Because the vulnerability enables unauthorized internal network access through the extension, it may compromise confidentiality and integrity requirements mandated by these standards.
Can you explain this vulnerability to me?
This vulnerability exists in the hover summary feature of the Summarize extension prior to version 0.15.1. It allows malicious web pages to dispatch synthetic mouseover events on attacker-controlled links. As a result, the extension makes authenticated daemon requests using stored tokens without verifying whether these events are trustworthy.
Attackers can exploit this by placing local or private-network URLs behind hoverable links. When users interact with such attacker-controlled content, the extension routes authenticated requests through the daemon, potentially accessing sensitive internal endpoints.
How can this vulnerability impact me? :
This vulnerability can lead to unauthorized access to sensitive internal network resources. Because the extension sends authenticated requests without verifying event authenticity, attackers can trick the extension into making requests to local or private network URLs.
This could expose internal endpoints and sensitive information to attackers, potentially compromising the security of internal systems when users interact with malicious content.
How can this vulnerability be detected on my network or system? Can you suggest some commands?

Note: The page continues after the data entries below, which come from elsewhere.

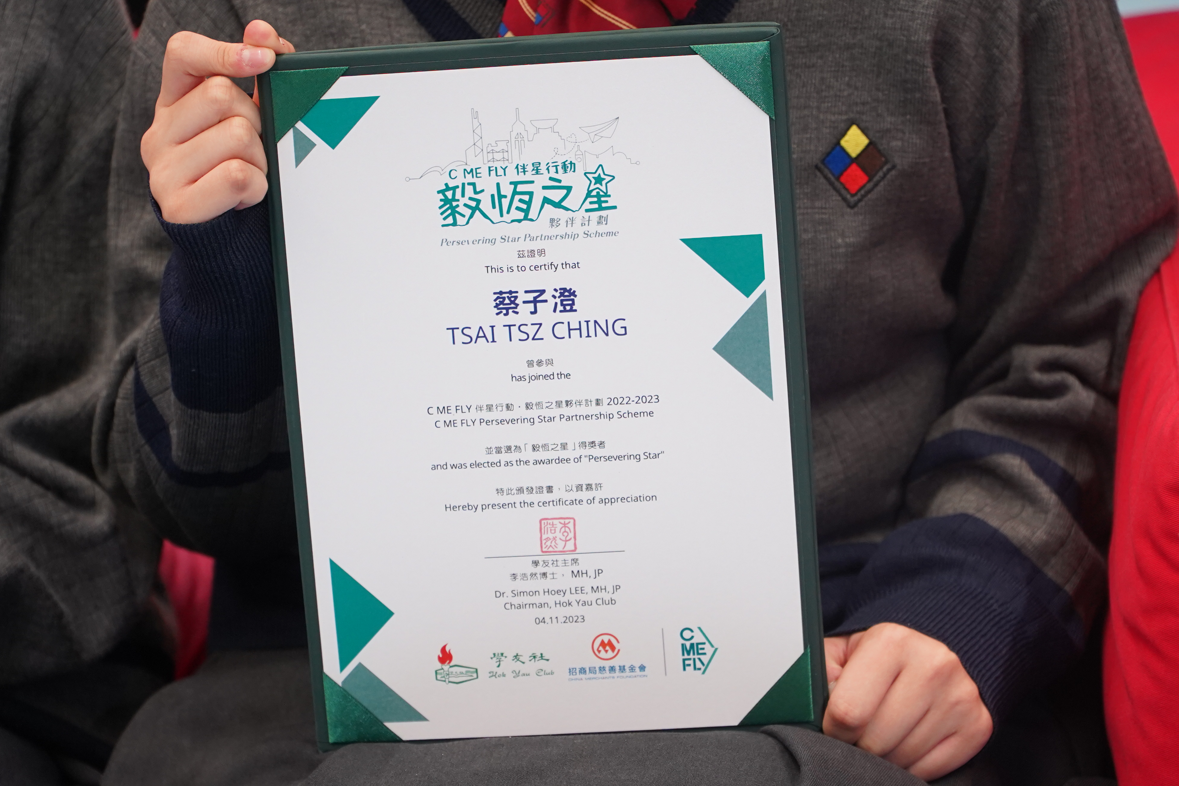 去年,子澄的經歷獲學校推薦,成為「毅恆之星」得獎者。她向記者表示,感激老師和學校的幫她「從谷底行返上去」,令她變得開朗和積極。義工服務經歷不僅充實了子澄的生活,讓她切實體會到發揮個人力量幫助他人,實現人生價值,亦令她找到了努力的方向——立志成為一名社工,為有學習、情緒和行為問題的學生提供心理支援。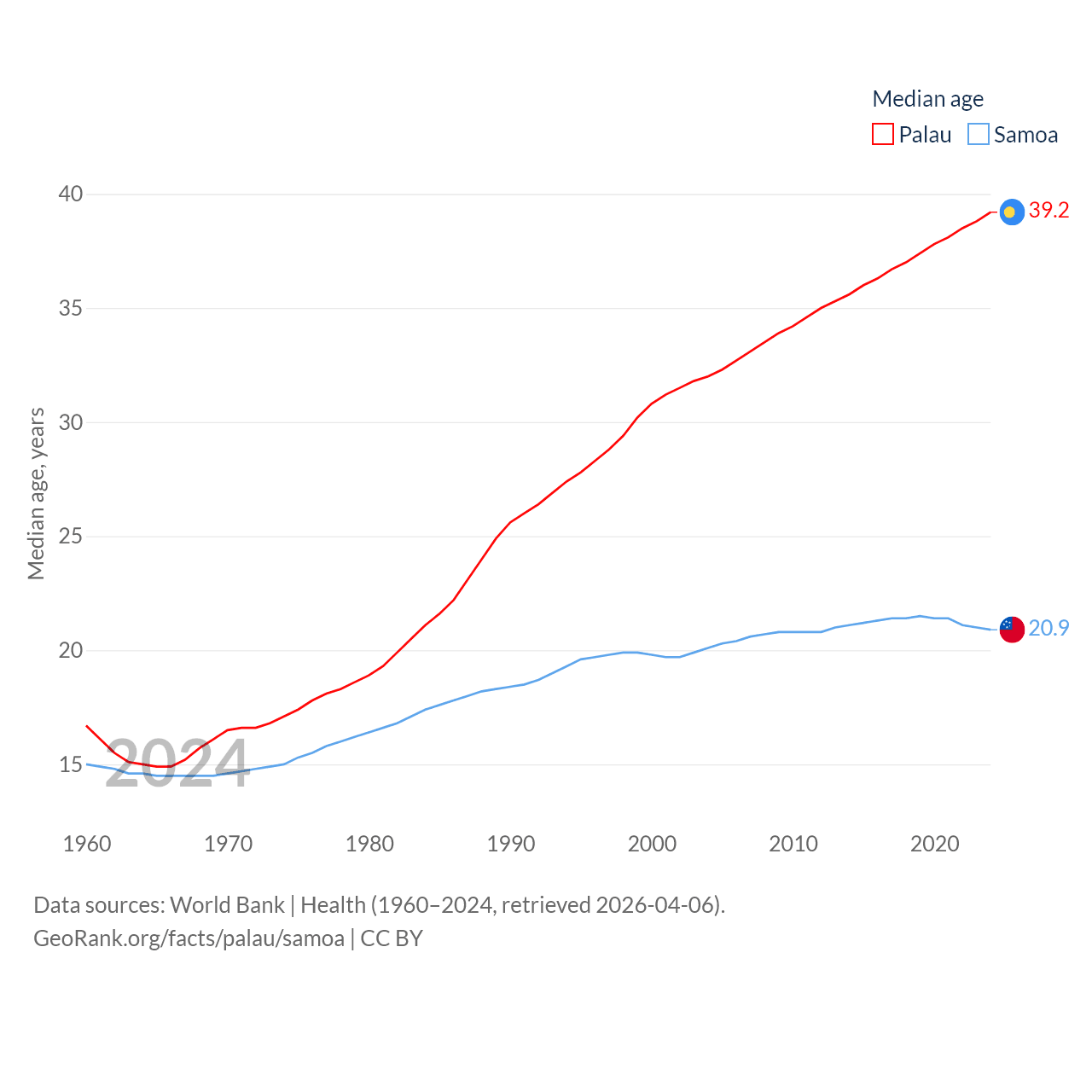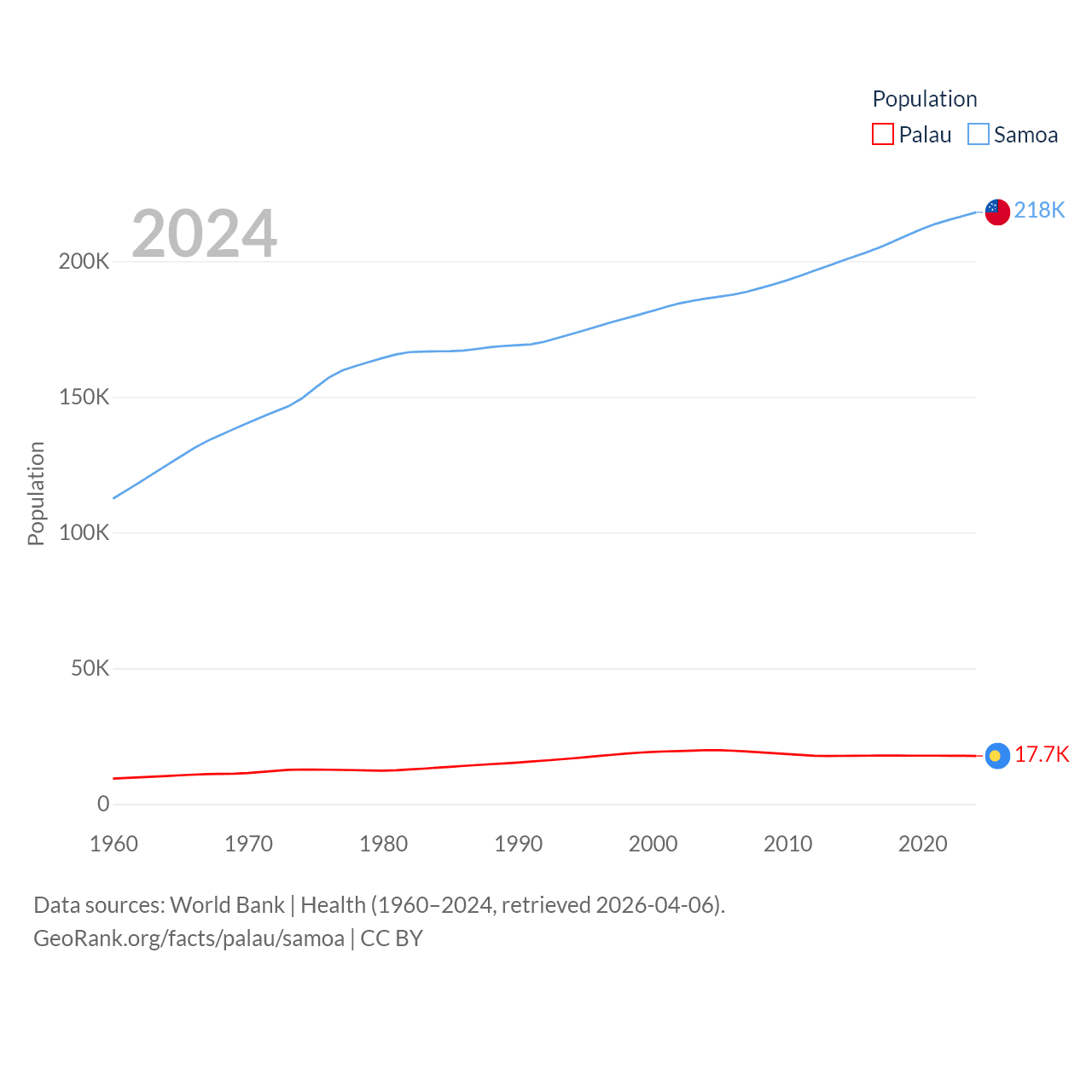 Palau has a population of 17.7K (ranked 194/197), compared with 218K in Samoa (ranked 177/197). Palau's land area is 177.6 sq mi versus 1,073 sq mi for Samoa (ranked 180th vs. 168th).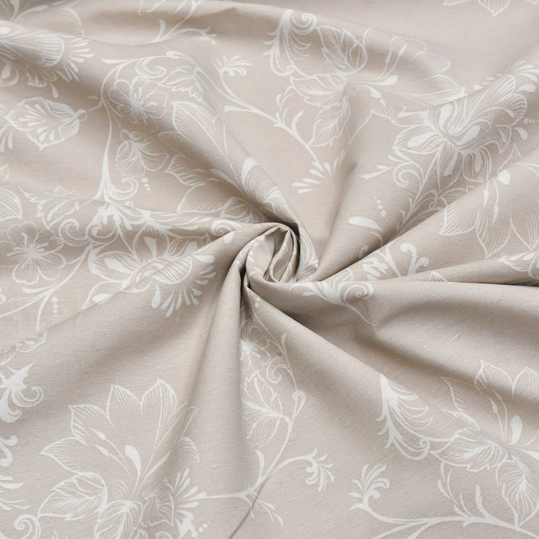 Tessuto Misto Cotone per arredamento a fantasia motivo floreale tortora chiaro – bianco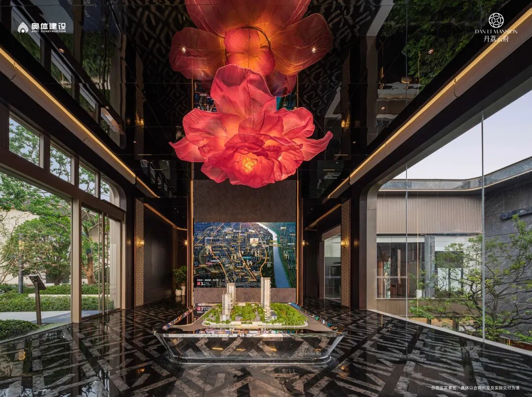 项目会所由香港著名 SCD 郑树芬设计事务所设计,整体风格以宝格丽酒店经典黑色为主调,并巧妙延伸“丹荔红”。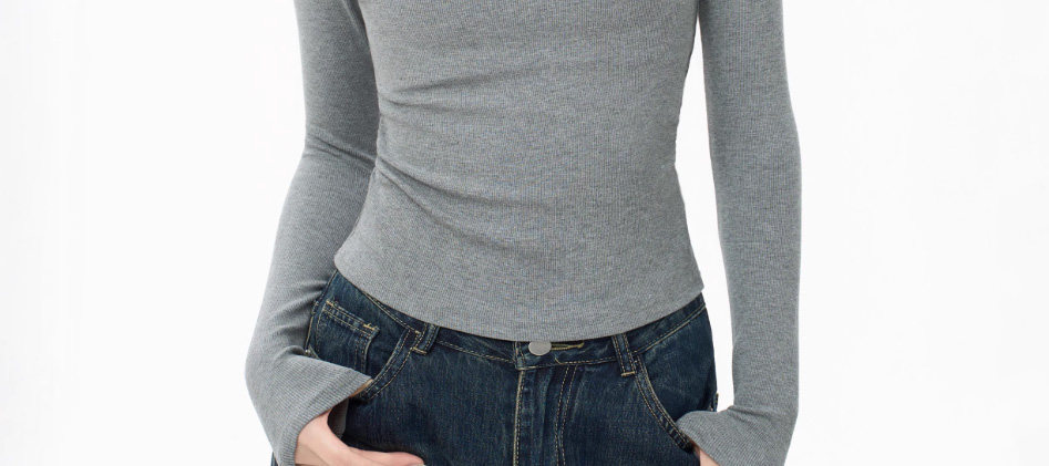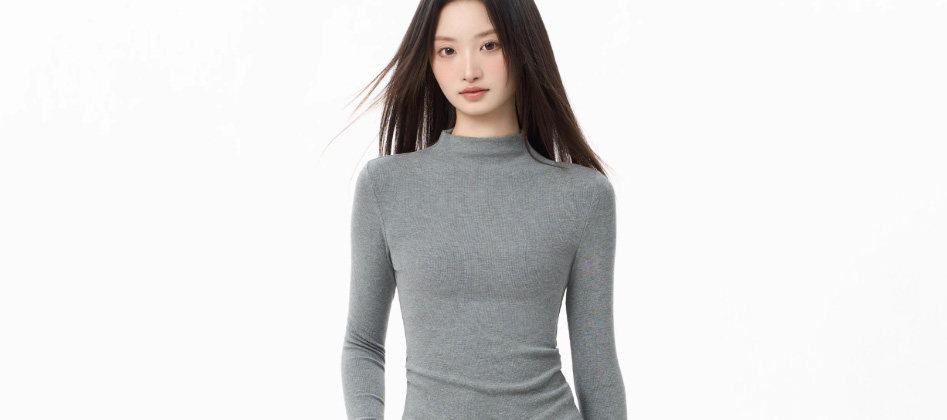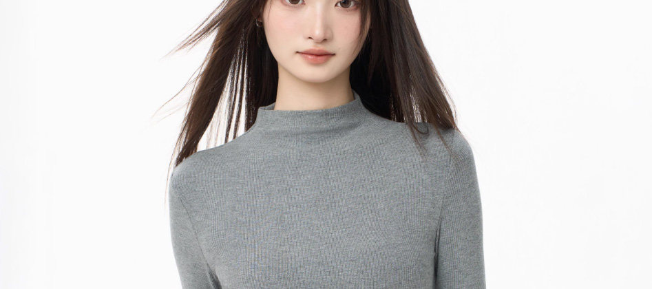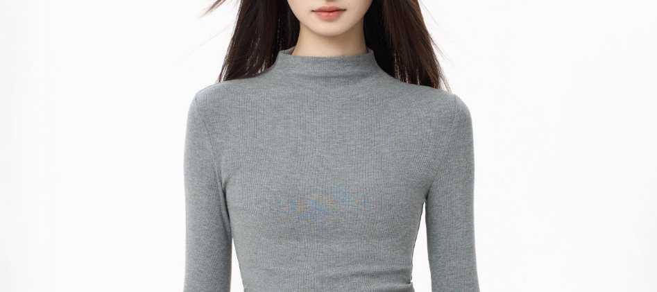 Tight-Fitting Half-High Collar Long-Sleeve Base Layer Top for Women, Autumn and Winter Stylish Slim-Fit Mid-Neck Top That Enhances the Figure

This vulnerability involves malicious pages dispatching synthetic mouseover events to trigger authenticated daemon requests via the summarize browser extension. Detection involves monitoring for unusual or unauthorized daemon requests originating from the extension, especially those targeting local or private network URLs.
Since the vulnerability exploits synthetic mouseover events and unauthorized requests to internal endpoints, you can detect suspicious activity by inspecting network traffic for requests made by the extension to localhost or private IP ranges.
- Use network monitoring tools (e.g., Wireshark, tcpdump) to filter traffic from the browser or daemon process and look for requests to private IP ranges such as 10.x.x.x, 172.16.x.x-172.31.x.x, 192.168.x.x, or localhost (127.0.0.1).
- On Linux/macOS, use commands like: sudo tcpdump -i any host 127.0.0.1 or net 192.168.0.0/16 to capture suspicious requests.
- Check browser extension logs or debug output (if available) for synthetic mouseover events or unauthorized summary requests.
Note that the vulnerability requires user interaction (hovering) and specific attacker-controlled content, so detection may require correlating user actions with network requests.
What immediate steps should I take to mitigate this vulnerability?
The primary mitigation is to update the summarize extension to version 0.15.1 or later, which includes fixes that validate and reject synthetic hover events and block requests to localhost, private IP addresses, and non-HTTP(S) URLs.
- Upgrade the summarize extension to version 0.15.1 or newer.
- Ensure that the extension only processes trusted (non-synthetic) mouseover events.
- Block or restrict extension requests to local or private network URLs at the network or host firewall level if updating is not immediately possible.
These steps prevent attackers from exploiting the vulnerability by ensuring that only legitimate user interactions trigger summaries and that internal network resources are not accessed via the extension.